MAO-B inhibitors can be used as first-line therapy. Although they have only modest anti-parkinsonian effects, they could be neuroprotective.

Dual therapy
Monotherapy will eventually fail to control motor symptoms in many patients. In the absence of motor fluctuations, dyskinesias and neuropsychiatric features, dual therapy with levodopa and a dopamine agonist is recommended. For patients on a MAO-B inhibitor, either a dopamine agonist or levodopa can be added. If motor fluctuations, dyskinesias or neuropsychiatric features are present management needs specialist input.

Other treatments that can be added include MAO-B inhibitors, dopamine agonists, and controlled-release levodopa. Anticholinergics may also be effective, although these are not recommended as a first choice because of side-effects.

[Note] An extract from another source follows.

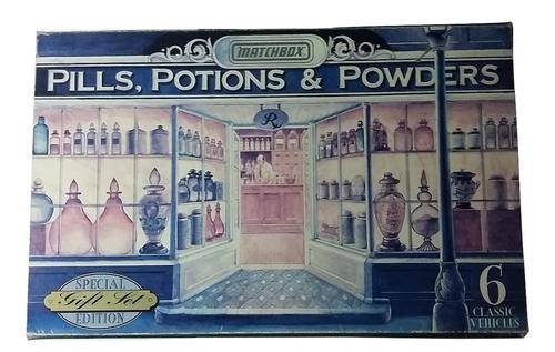 Matchbox 6-pack "Pills, Potions and Powders" Limited Edition gift set with 6 mint Model A Ford Vans. Unfortunately the front cover and some sides of the packaging are slightly faded from storage but the models are mint, no fade.

Motor fluctuations can also be managed by adjusting the frequency of daytime levodopa, avoiding administration at mealtimes or switching the patient to a low-protein diet. If these measures fail then consideration should be given to subcutaneous apomorphine, deep brain stimulation (DBS) or levodopa enteric gel.

Dyskinesias can be managed by adding amantadine, reducing levodopa or MAO-B or COMT inhibitors. If these measures are ineffective, the patient should be considered for apomorphine infusion or DBS, to facilitate reduction of levodopa.

Depression should be treated with SSRIs or tricyclics while optimising anti-parkinsonian medication.

Drugs aggravating dementia such as anticholinergics or amantadine, should be discontinued; cholinesterase inhibitors may help to improve cognitive function.

A patient who develops psychotic symptoms should be examined for sepsis or a metabolic disorder. If these are absent, anti-parkinsonian drugs should be reduced.